Good catches. I do want to return to this project and finish it up. I'll keep these in mind when I come back to this project. If not, I'll ensure that is addressed too.

Sub Main(): I'm not looking at my code, but I thought I only mark it zombie if it isn't the startup routine and no other code calls it.

Underscores on comments: Yep, didn't expect those. Will need to tweak the line parser for that scenario.

----------


## Eduardo-

> Sub Main(): I'm not looking at my code, but I thought I only mark it zombie if it isn't the startup routine and no other code calls it.


Yes... I had forgot to select the Sub Main in the project properties (it is a component).
Now that I fixed that, it disappeared from the zombie report.
The scanner is working fine in that regard, then.




> Underscores on comments: Yep, didn't expect those. Will need to tweak the line parser for that scenario.


Yes, it is then the only thing I'm reporting.

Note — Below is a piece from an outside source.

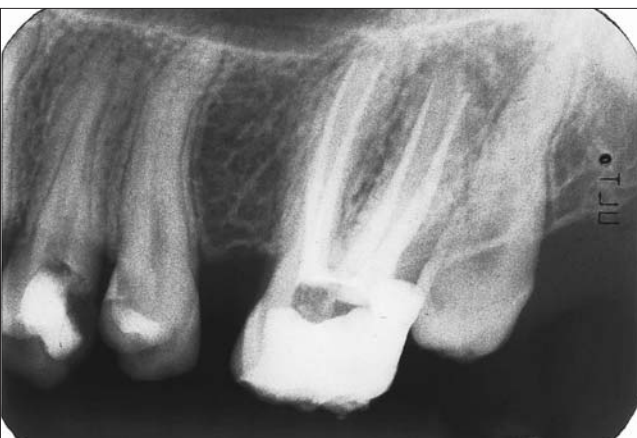
Figure 4b: Postoperative radiograph showing the separation and divergence of the 4-rooted maxillary second molar.

canals were initially instrumented with #15 nickel titanium files (Dentsply Maillefer, Ballaigues, Switzerland) under irrigation with 5% sodium hypochlorite (NaOCl), then dried with sterile paper points. Calcium hydroxide paste (Produits Dentaires S.A., Vevey, Switzerland) was used as an intracanal medicament. A sterile cotton pellet was placed in the pulp

For my case, I already changed those comment lines to avoid underscores at the end.

Thank you.

----------


## wqweto

Line continuations (underscores) *do* work for comment lines like this. 


thinBasic Code:
Option Explicit
 Private Sub Form_Load()
    Rem First line _
        Second line
        
    '-- First line _
        Second line
End Sub
. . . both first and second lines are part of the comment or am I not understanding the problem?

cheers,
</wqw>

----------


## LaVolpe

@wqweto, that is how I  believe I coded the scanner now that I am thinking about it more. I know I've used comments like that in the past -- looks more pleasing to my eyes with just one tick/REM statement

@Eduardo, is this the scenario that was triggering false positives..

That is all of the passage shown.